Au contraire, « nos soignants ont tenu et nous avons engagé une transformation en profondeur et des investissements historiques pour notre santé », a affirmé le président de la République, alors même qu’aucune réforme structurelle demandée par les soignants n’a été engagée et que le nombre de lits de réanimations, nerfs de la « guerre » contre le virus, a très peu augmenté.

« Ensemble nous sortons plus unis et en ayant beaucoup appris », a-t-il ajouté, tandis que l’opinion publique n’a jamais été aussi polarisée, comme l’ont montré la montée d’un contre-discours complotiste et les querelles de chapelle sur les questions de santé (pro-vaccin contre antivaccin, pro-chloroquine contre anti-choloroquine…).

Négation des failles

Par ailleurs, comme ce qui n’est pas dit dans un discours est aussi important que ce qui est prononcé, il faut noter qu’Emmanuel Macron n’a pas eu un mot pour les mouvements antiracistes et anti-violences policières qui ont agité l’été et l’automne, révélant des fractures béantes de la société.

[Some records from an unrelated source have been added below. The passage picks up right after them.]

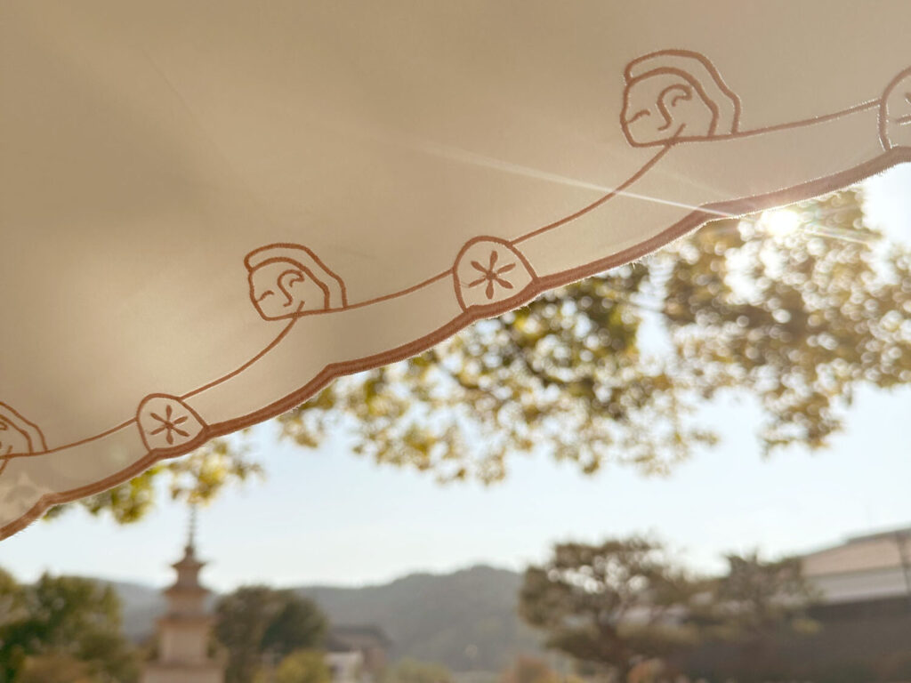 「人面紋圓瓦當」延續原本安置於屋簷末端的裝飾瓦,不僅能阻擋雨水的功能,更有驅邪避凶寓意、祈求好運。MU:DS將這個寓意與原有功能以現代方式轉化,開發出晴雨兩用傘。設計上將原本單一的圖樣做延伸,使其裝飾整圈傘緣,增添趣味與美感。從染色、刺繡到縫製,均為韓國製造,傘身輕巧、可輕鬆放入包中,攜帶與收納都十分方便。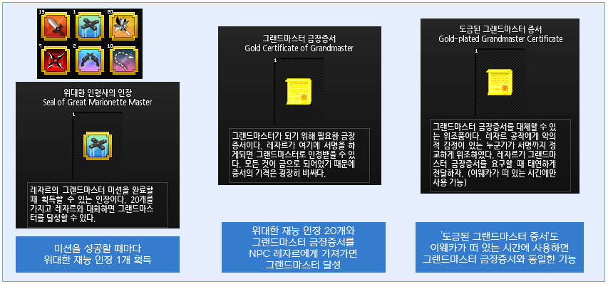 그랜드마스터 금장증서와 위대한 재능 인장을 [20개] 모아서 레자르에게 가져가면 그랜드마스터로 인정받게 됩니다.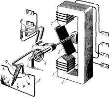 Очищают отверстия для полуосей в латунной П-образной скобе. Полочка ярма должна быть параллельна П-образной скобе и иметь ровный изгиб на всем своем протяжении. Проверяют надежность крепления гасителя колебаний 3 к латунной скобе и изоляционной колодки 7 с подвижным контактом к ярму; надежность закрепления внутреннего конца спиральной пружины в шестигранной втулке. Проверяют, с достаточным ли трением поворачивается шестигранная втулка на фасонном винте. Чистку подвижных и неподвижных контактов выполняют кусочком дерева твердых пород или кожей. Подгоревшие или имеющие выбоины контакты зачищают и полируют воронилом. Пользоваться надфилем, наждачной бумагой или другими абразивными материалами нельзя! Кроме того, недопустимо промывать контакты ацетоном или бензином, так как они образуют плохо проводящий налет.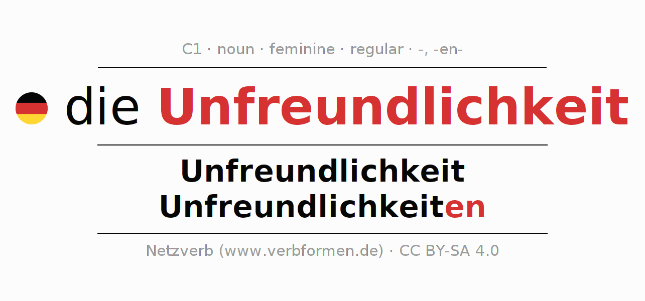 The declension of Unfreundlichkeit as a table with all forms in singular (singular) and plural (plural) and in all four cases nominative (1st case), genitive (2nd case), dative (3rd case) and accusative (4th case). Especially for German learners the correct declension of the word Unfreundlichkeit is crucial.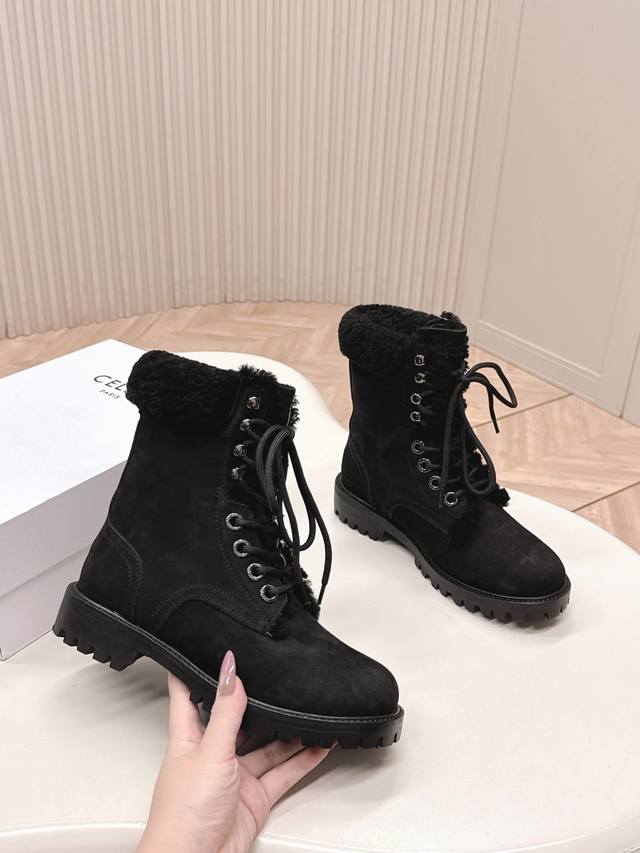 高版 羊毛款 出 Celine 经典马丁靴 大黄靴 复古圆头战靴 又帅又酷 复古做旧 鞋面采用进口牛反绒,质感超级奈斯,内里羊毛,原版一比一开模大底!上脚非常舒适 大头的设计,妥妥的增高神器 Size: 35-40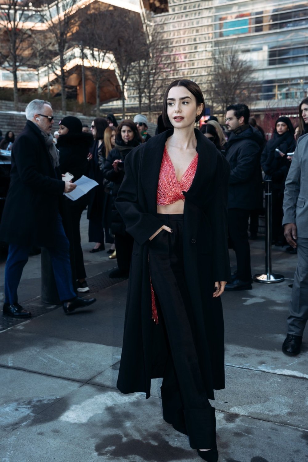 Dugi crni kožni kaput koji je Lily Collins nosila za fotografiranje za naslovnicu potpisuje Izabel Kovačić

Pour ancrer son discours dans le réel, le président de la République s’est ensuite attelé à égrainer les noms de Français exemplaires, évidemment pas choisis au hasard.

Gérald, entrepreneur près d’Angers « qui a réussi la prouesse de laisser ses entreprises ouvertes 7 jours sur 7 ». « Mehdi, professeur de sciences économiques à Marseille dans les quartiers Nord », qui a enseigné la laïcité à ses élèves après l’attentat contre Samuel Paty. Rosalie, libraire, qui « a créé un site de vente à emporter pour continuer à exercer » malgré le confinement.

La ficelle rhétorique est grosse : elle permet au président de donner des visages au concept de Nation, et de louer, en bon néolibéral, l’héroïsme et la vertu individuelle pour éviter de parler des faillites collectives dans la gestion de la crise.